> _Instructions to follow_
Reproduce each entry exactly as it reads. Leave the images out.
START Records to process
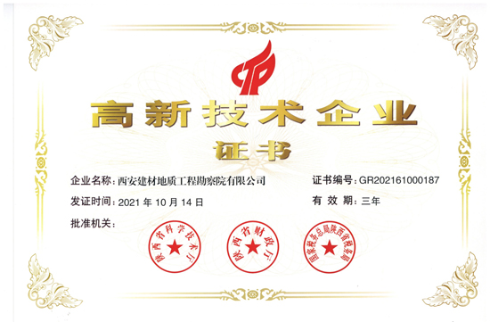 近期,国家高新技术企业认定管理工作网对外发布了《关于陕西省2021年第一批备案高新技术企业名单的公告》,陕西总队全资子公司西安建材地质工程勘察院有限公司(以下简称勘察院公司)凭借企业核心自主知识产权、科技成果转化能力、研发管理水平等方面的优势,正式被认定为国家高新技术企业。
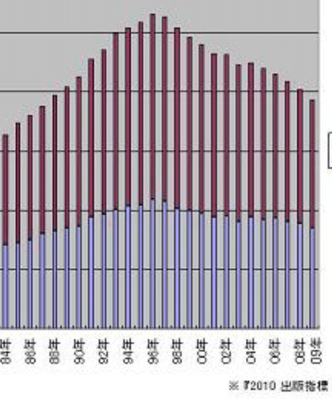 1995年以降、30年間で1兆円から6000億円に、40%減っています。
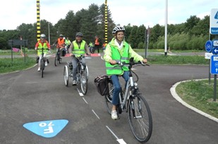 Omdat we het veilig willen houden, dragen we allemaal een fietshelm en een fluohesje.
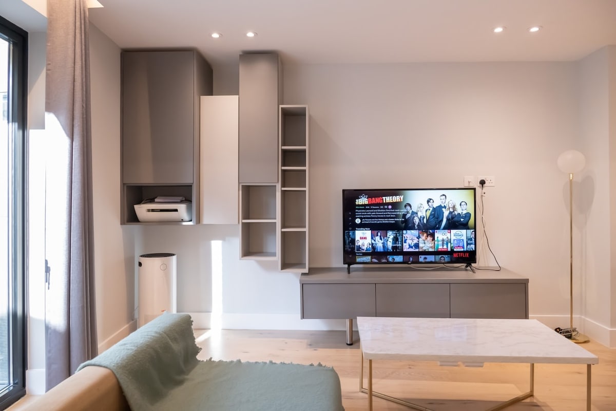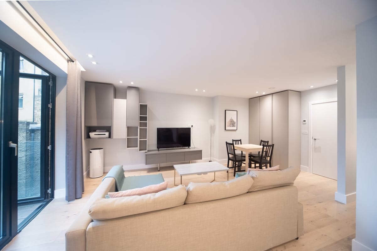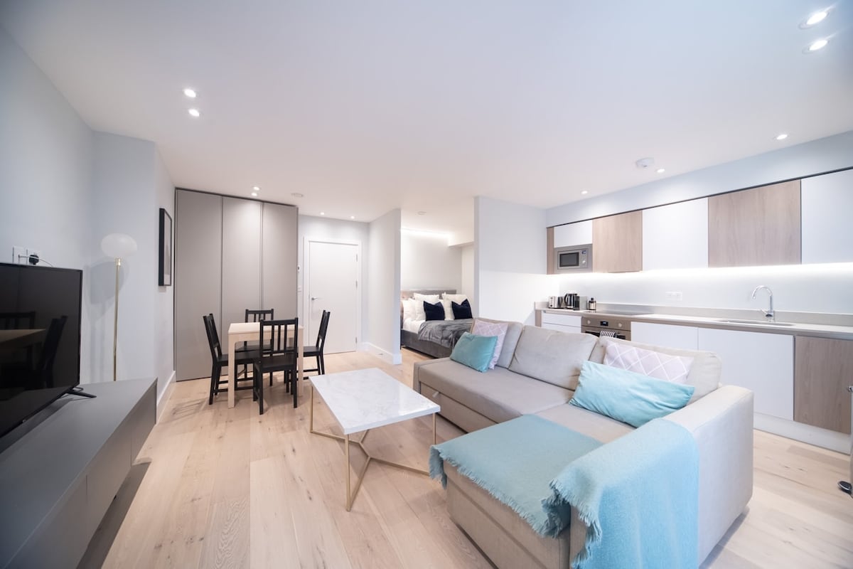 This spacious and modern studio is suitable for up to 4 guests. Its convenient location in Zone-1 provides easy access to nearby tube and train stations, ensuring a convenient stay.
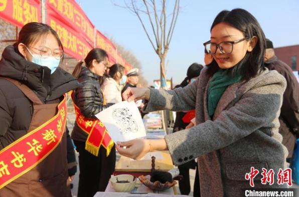 图为活动现场,群众展示制作的年画拓印作品。 薛涛 摄
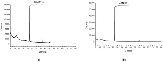 X-ray diffraction analysis certifies the chains’ formation by aligning the BN platelets and carbon microfibers in the electrical field direction. The results are presented in Figure 13 for R1 and R2 (containing BN platelets only) and Figure 14 for R5 and R6 (containing BN platelets and carbon microfibers).
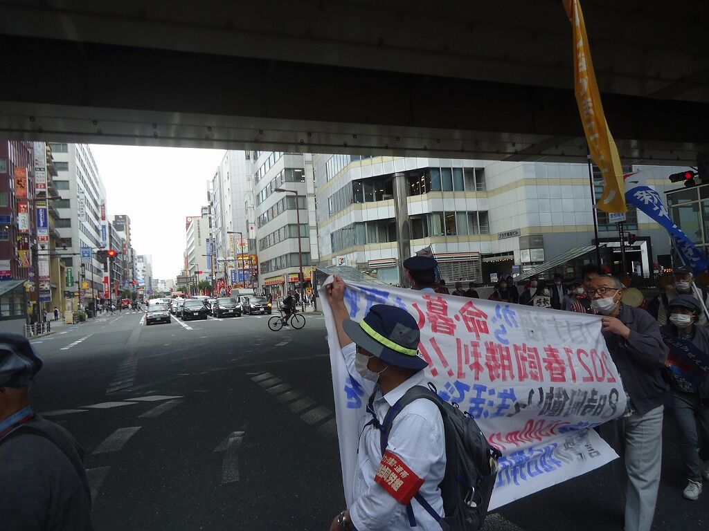 米領事館前を過ぎて、デモは進む…「米が高いぞ」「なんでも高いぞ」「生活できない、給料上げろ」「最賃も上げろ、1500円に上げろ」
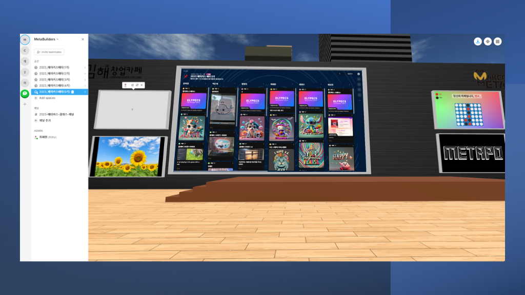 게더타운과 ZEP, 이프랜드와 제페토에서 아바타를 만들고, 가상의 교실과 전시관을 구축했습니다. - 2023년
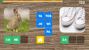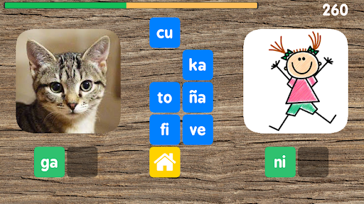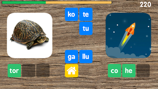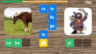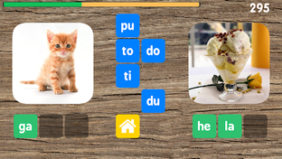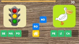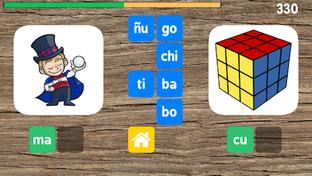 Cuando todas las sílabas correctas han sido seleccionadas, el juego continúa con dos palabras nuevas.
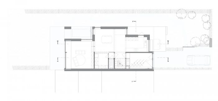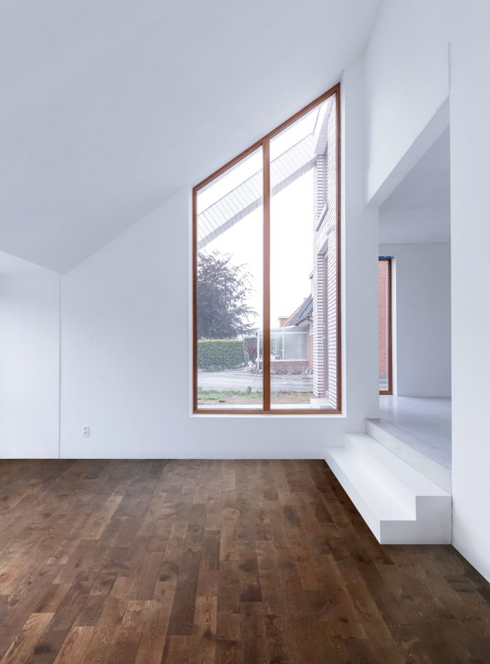 烟囱的形状被用来提供一个天窗。由于朝向的关系,生活空间被设计成阳光照射的地方。在正面,厨房被放置在一个 "门廊 “上。
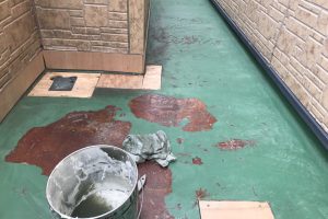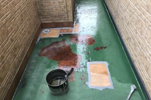 長年雨漏りの原因となっていたベランダのFRP防水の改修工事、またベランダ周辺の軒天、雨樋の塗装やコーキング打ち替え工事などの施工を行いました。
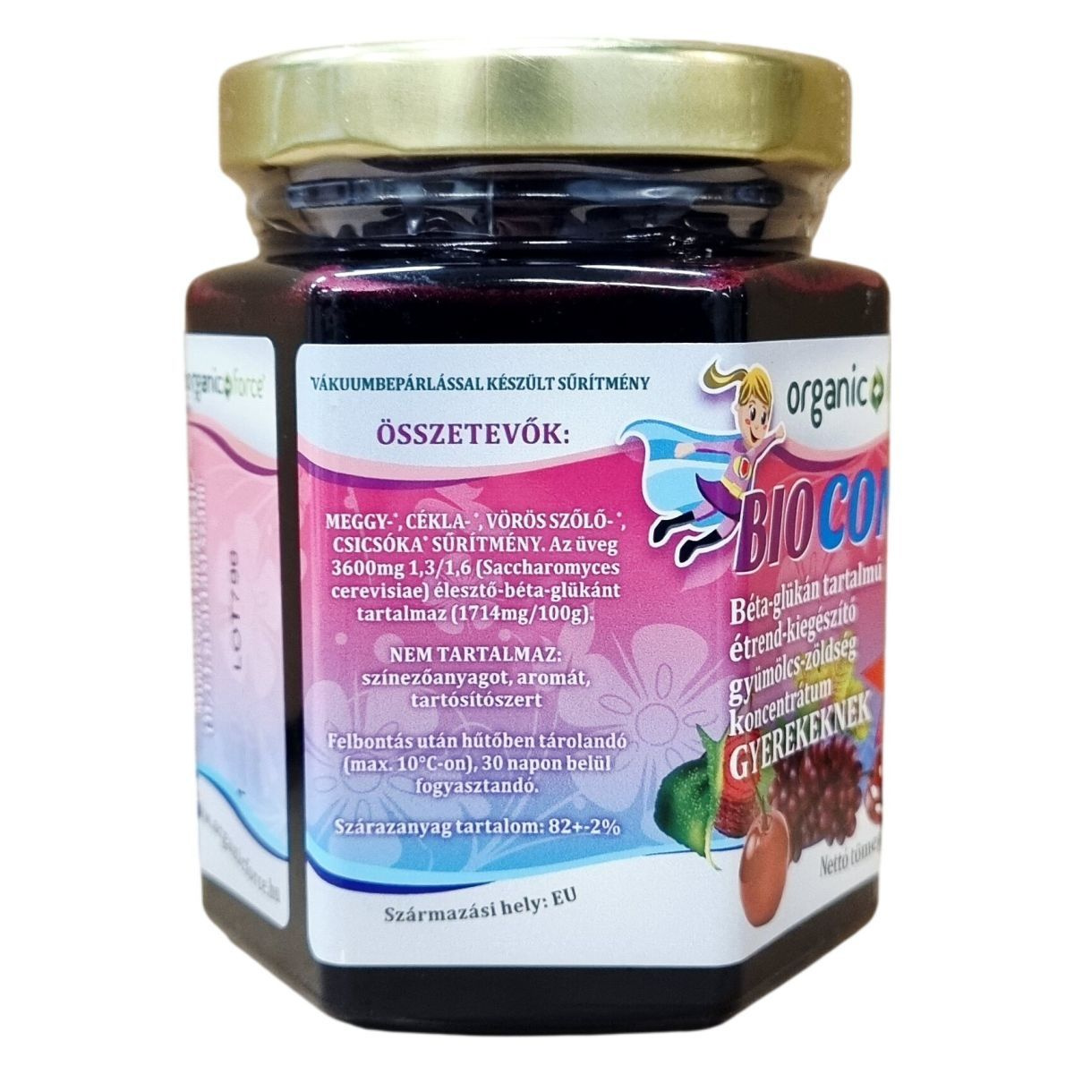 Szuperlekvár 3 év feletti gyerekeknek. 2 kg zöldség-gyümölcsből készített, magas antioxidáns hatású, magas flavonoid és polifenol tartalmú szuperkoncentrátum (BRIX: 82%).
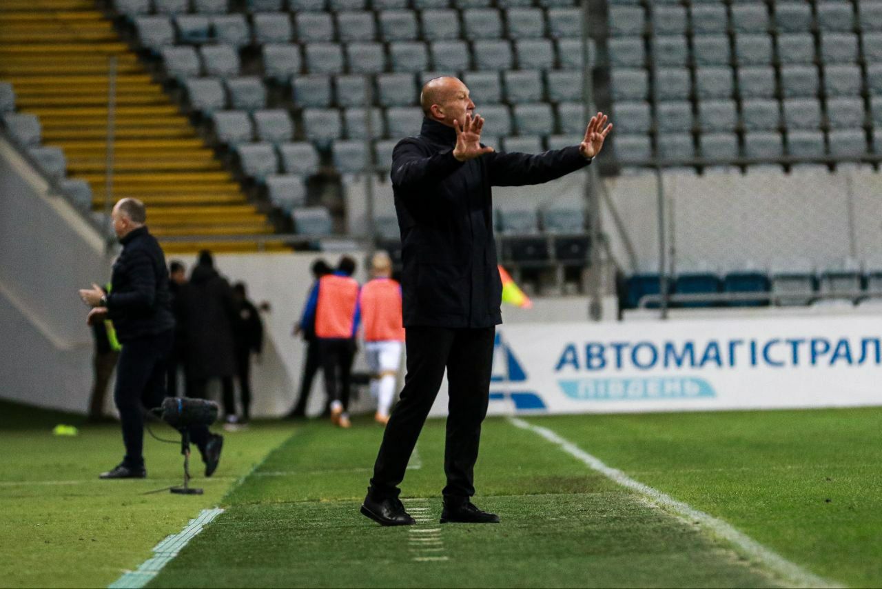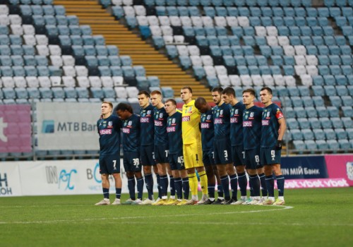 Через повітряну тривогу початок матчу змістився на 38 хвилин. Перший тайм пройшов у виснажливій позиційній боротьбі. Ударів по цілі було дуже мало, як і роботи в голкіперів. Двічі м'яч дійшов до Варакути і обидва рази наш сторож воріт зіграв надійно: на 2 хвилині взяв м'яч після «стандарту» з 20 метрів у виконанні Бойка, а на 39-й без проблем нейтралізував удар Пасіча з-за меж штрафного майданчика. Набагато небезпечніше було на 31 хвилині, коли Васильєв прийняв на себе постріл Калюжного з середньої дистанції. Найяскравіший момент біля протилежних воріт виник на 38 хвилині: Бадібанга отримав своєчасну передачу від Кузика, але пробив із 12 метрів поряд зі стійкою.
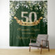Tapeçaria de fundo de festa de aniversário de 50 anos com folhagem boho verde e dourado, banner de festa com folhas verdes frescas e brilhos dourados. Fácil de personalizar, entre em contato para outra IDADE ou para personalização. Rosas Cor de Rosa ©
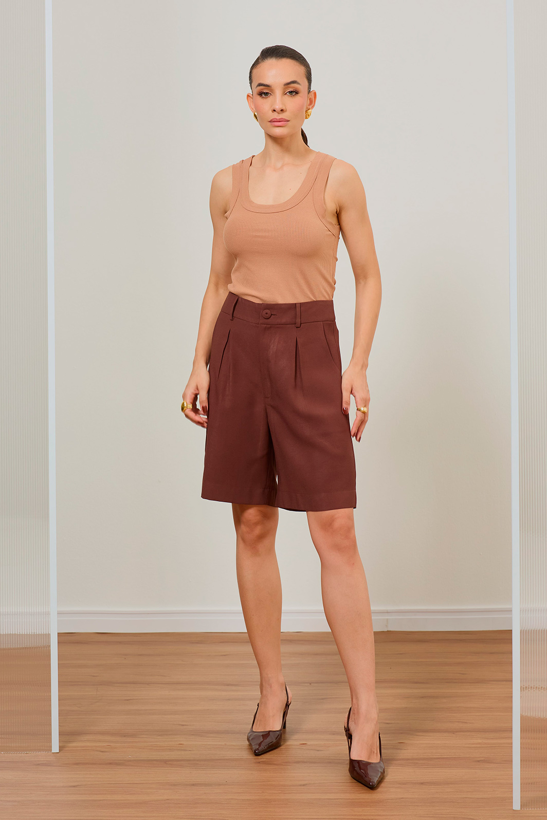 Combine com regatas caneladas em tons terrosos para um visual monocromático moderno. Finalize com scarpins ou sandálias de bico fino para elevar a produção.
END Records to process
> _Expected output_
 近期,国家高新技术企业认定管理工作网对外发布了《关于陕西省2021年第一批备案高新技术企业名单的公告》,陕西总队全资子公司西安建材地质工程勘察院有限公司(以下简称勘察院公司)凭借企业核心自主知识产权、科技成果转化能力、研发管理水平等方面的优势,正式被认定为国家高新技术企业。
 1995年以降、30年間で1兆円から6000億円に、40%減っています。
 Omdat we het veilig willen houden, dragen we allemaal een fietshelm en een fluohesje.
 This spacious and modern studio is suitable for up to 4 guests. Its convenient location in Zone-1 provides easy access to nearby tube and train stations, ensuring a convenient stay.
 图为活动现场,群众展示制作的年画拓印作品。 薛涛 摄
 X-ray diffraction analysis certifies the chains’ formation by aligning the BN platelets and carbon microfibers in the electrical field direction. The results are presented in Figure 13 for R1 and R2 (containing BN platelets only) and Figure 14 for R5 and R6 (containing BN platelets and carbon microfibers).
 米領事館前を過ぎて、デモは進む…「米が高いぞ」「なんでも高いぞ」「生活できない、給料上げろ」「最賃も上げろ、1500円に上げろ」
 게더타운과 ZEP, 이프랜드와 제페토에서 아바타를 만들고, 가상의 교실과 전시관을 구축했습니다. - 2023년
 Cuando todas las sílabas correctas han sido seleccionadas, el juego continúa con dos palabras nuevas.
 烟囱的形状被用来提供一个天窗。由于朝向的关系,生活空间被设计成阳光照射的地方。在正面,厨房被放置在一个 "门廊 “上。
 長年雨漏りの原因となっていたベランダのFRP防水の改修工事、またベランダ周辺の軒天、雨樋の塗装やコーキング打ち替え工事などの施工を行いました。
 Szuperlekvár 3 év feletti gyerekeknek. 2 kg zöldség-gyümölcsből készített, magas antioxidáns hatású, magas flavonoid és polifenol tartalmú szuperkoncentrátum (BRIX: 82%).
 Через повітряну тривогу початок матчу змістився на 38 хвилин. Перший тайм пройшов у виснажливій позиційній боротьбі. Ударів по цілі було дуже мало, як і роботи в голкіперів. Двічі м'яч дійшов до Варакути і обидва рази наш сторож воріт зіграв надійно: на 2 хвилині взяв м'яч після «стандарту» з 20 метрів у виконанні Бойка, а на 39-й без проблем нейтралізував удар Пасіча з-за меж штрафного майданчика. Набагато небезпечніше було на 31 хвилині, коли Васильєв прийняв на себе постріл Калюжного з середньої дистанції. Найяскравіший момент біля протилежних воріт виник на 38 хвилині: Бадібанга отримав своєчасну передачу від Кузика, але пробив із 12 метрів поряд зі стійкою.
Tapeçaria de fundo de festa de aniversário de 50 anos com folhagem boho verde e dourado, banner de festa com folhas verdes frescas e brilhos dourados. Fácil de personalizar, entre em contato para outra IDADE ou para personalização. Rosas Cor de Rosa ©
 Combine com regatas caneladas em tons terrosos para um visual monocromático moderno. Finalize com scarpins ou sandálias de bico fino para elevar a produção.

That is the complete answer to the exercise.